Your goal =
Return the listing exactly, please; no pictures.

Source material =
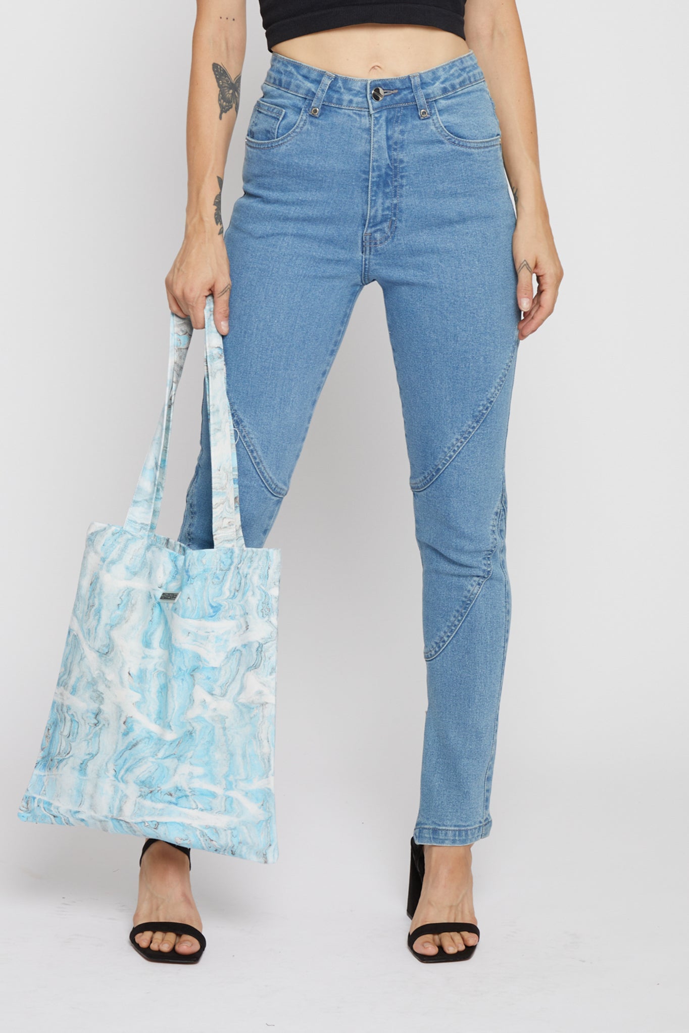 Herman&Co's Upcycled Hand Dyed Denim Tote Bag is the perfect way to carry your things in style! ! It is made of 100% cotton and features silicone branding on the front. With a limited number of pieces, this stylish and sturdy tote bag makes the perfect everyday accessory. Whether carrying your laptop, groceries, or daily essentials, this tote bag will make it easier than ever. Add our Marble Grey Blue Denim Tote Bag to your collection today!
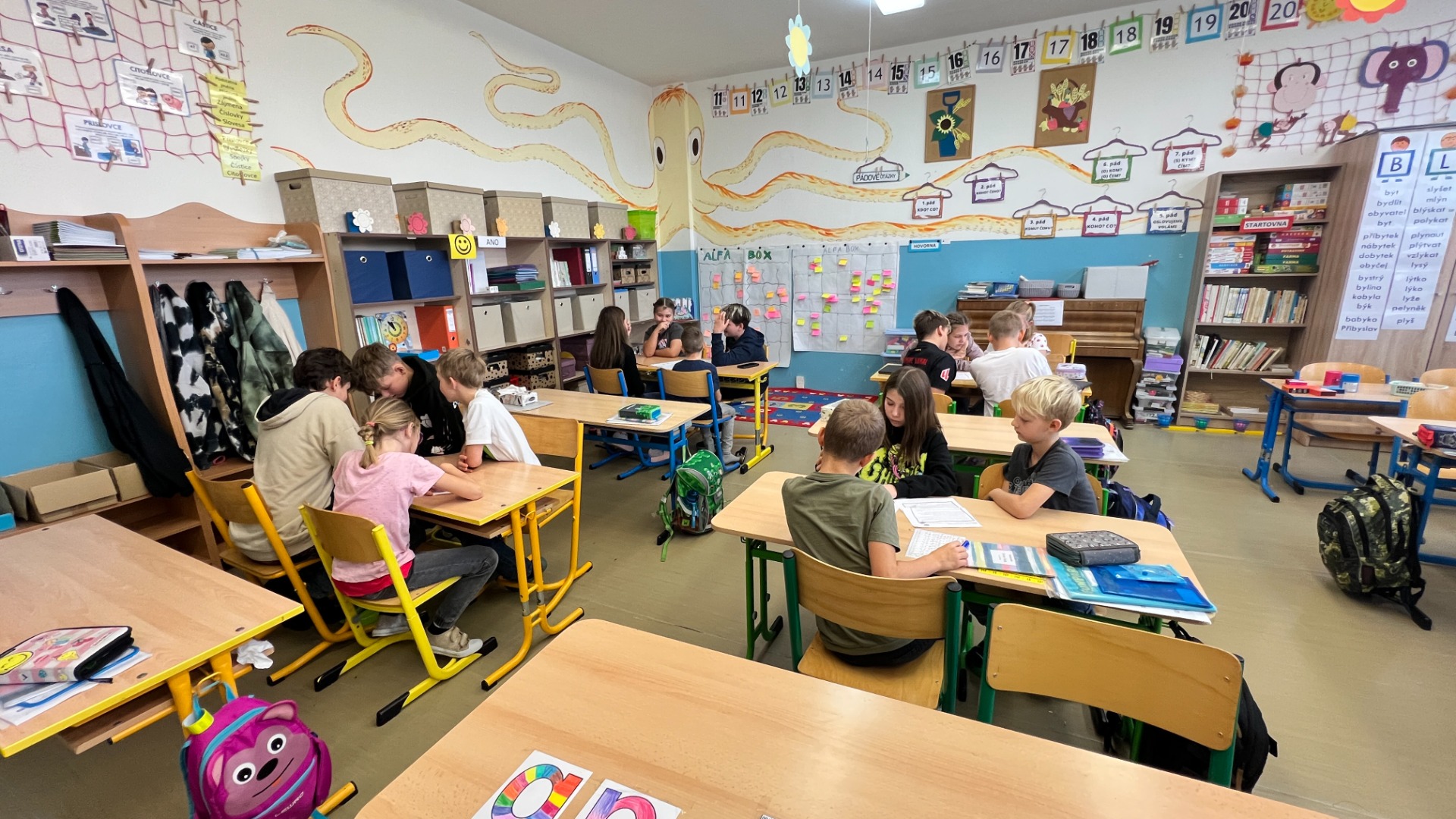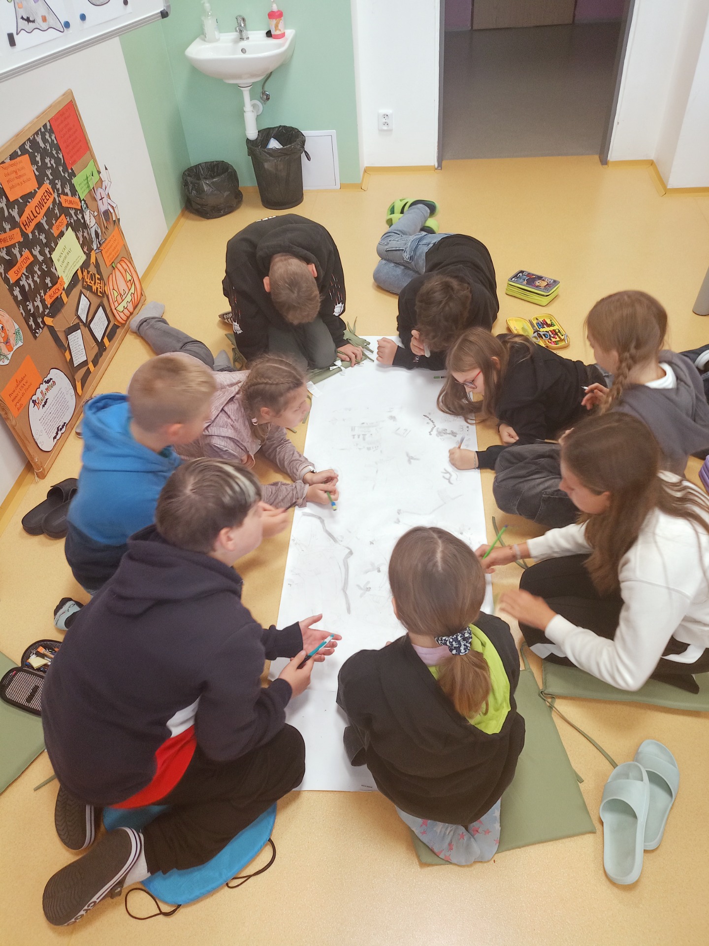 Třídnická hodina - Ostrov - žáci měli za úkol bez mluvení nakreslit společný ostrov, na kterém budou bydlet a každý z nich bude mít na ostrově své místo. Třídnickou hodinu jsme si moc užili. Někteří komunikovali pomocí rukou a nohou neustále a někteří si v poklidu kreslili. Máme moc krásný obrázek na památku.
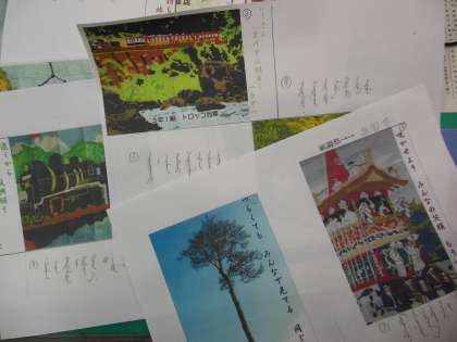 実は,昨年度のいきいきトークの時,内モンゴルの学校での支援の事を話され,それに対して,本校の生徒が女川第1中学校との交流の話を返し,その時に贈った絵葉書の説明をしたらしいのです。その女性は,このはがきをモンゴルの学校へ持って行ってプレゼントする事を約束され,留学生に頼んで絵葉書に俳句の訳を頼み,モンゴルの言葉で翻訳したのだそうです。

Result =
 Herman&Co's Upcycled Hand Dyed Denim Tote Bag is the perfect way to carry your things in style! ! It is made of 100% cotton and features silicone branding on the front. With a limited number of pieces, this stylish and sturdy tote bag makes the perfect everyday accessory. Whether carrying your laptop, groceries, or daily essentials, this tote bag will make it easier than ever. Add our Marble Grey Blue Denim Tote Bag to your collection today!
 Třídnická hodina - Ostrov - žáci měli za úkol bez mluvení nakreslit společný ostrov, na kterém budou bydlet a každý z nich bude mít na ostrově své místo. Třídnickou hodinu jsme si moc užili. Někteří komunikovali pomocí rukou a nohou neustále a někteří si v poklidu kreslili. Máme moc krásný obrázek na památku.
 実は,昨年度のいきいきトークの時,内モンゴルの学校での支援の事を話され,それに対して,本校の生徒が女川第1中学校との交流の話を返し,その時に贈った絵葉書の説明をしたらしいのです。その女性は,このはがきをモンゴルの学校へ持って行ってプレゼントする事を約束され,留学生に頼んで絵葉書に俳句の訳を頼み,モンゴルの言葉で翻訳したのだそうです。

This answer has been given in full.